- Born: William Joseph Cardoso September 24, 1937 Boston, Massachusetts, US
- Died: February 26, 2006 (aged 68) Kelseyville, California, US
- Occupation: Journalist
- Known for: Coining "gonzo journalism"

= Bill Cardoso =

American journalist (1937–2006)

William Joseph Cardoso (September 24, 1937 – February 26, 2006) was an American journalist. Noted for coining the term "gonzo journalism", he was a pioneer of New Journalism and a close friend of fellow journalist Hunter S. Thompson.

== Early life and education ==
Cardoso was born on September 24, 1937, in Boston. His father, John Alvin Cardoso, was born in Portugal and was a member of the United States Navy during World War I, as well as a Boston firefighter. His mother was Mary Cardoso (née Cordiro). Cardoso studied journalism at Boston University in the late 1950s.

== Career ==
Cardoso's career in journalism began with writing for the Medford Daily Mercury, which he did during his attendance to Boston University. He was the editor of the Globe Sunday magazine. He wrote for many publications in the 1960s and 1970s, such as Harper's Magazine, Ramparts, and Rolling Stone.

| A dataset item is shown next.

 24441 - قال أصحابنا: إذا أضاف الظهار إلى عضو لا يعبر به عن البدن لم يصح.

Cardoso met Hunter S. Thompson on a press bus during the 1968 New Hampshire Democratic presidential primary, where they shared cannabis and befriended each other. Cardoso coined the term "gonzo journalism" when describing Thompson's writing style in a letter to him. He claimed it was a corruption of gonzeaux, a Canadian French term. He and Thompson both attended and covered The Rumble in the Jungle boxing match on October 30, 1974. Cardoso remained in Zaire for six extra weeks, as he could not afford a new ticket following a flight delay. He originally was to write on the boxing match, instead writing an approximately 15,000-word article mostly on his time in Zaire, which was published for New Times magazine.

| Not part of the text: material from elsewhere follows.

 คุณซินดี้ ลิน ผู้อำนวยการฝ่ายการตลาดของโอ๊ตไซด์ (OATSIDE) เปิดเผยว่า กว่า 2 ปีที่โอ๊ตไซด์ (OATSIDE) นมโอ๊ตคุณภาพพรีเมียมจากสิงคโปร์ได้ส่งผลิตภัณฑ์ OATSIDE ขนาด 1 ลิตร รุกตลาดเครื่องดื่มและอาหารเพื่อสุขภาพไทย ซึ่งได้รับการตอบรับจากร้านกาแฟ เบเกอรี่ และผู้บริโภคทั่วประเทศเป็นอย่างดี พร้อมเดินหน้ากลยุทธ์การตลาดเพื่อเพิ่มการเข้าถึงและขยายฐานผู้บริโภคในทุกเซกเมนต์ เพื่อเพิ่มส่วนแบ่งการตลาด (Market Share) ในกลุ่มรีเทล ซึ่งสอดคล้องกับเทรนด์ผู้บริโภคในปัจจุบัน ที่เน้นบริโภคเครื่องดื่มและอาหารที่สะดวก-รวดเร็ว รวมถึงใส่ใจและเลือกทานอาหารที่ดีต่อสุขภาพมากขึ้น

Upon leaving the Globe in the early 1970s, he traveled to Azores, the Canary Islands—where he operated a jazz club—and Israel. He returned to the United States in the mid-1970s and stayed in Los Angeles before settling in San Francisco. Following a divorce, he moved in with Thompson in Colorado. He returned to California to live with Mary Miles Ryan, who he was in a relationship with.

In 1984, Cardoso released The Maltese Sangweech and Other Heroes, which was named for a menu of a San Francisco restaurant with rumored mob ties. Published by Atheneum Books, it contained ten of his journalistic works. In 1990, he released Dr Kurland and Dr O'Connor: The Story of a Feud.

== Personal life and death ==
Cardoso married three times, having a daughter, Linda, in the first marriage. He was in a relationship with Mary Miles Ryan from c. 1976 until his death, though did not marry. He was diagnosed with head and neck cancer in his later life. He died on February 26, 2006, aged 68, in his home in Kelseyville, California, of heart failure.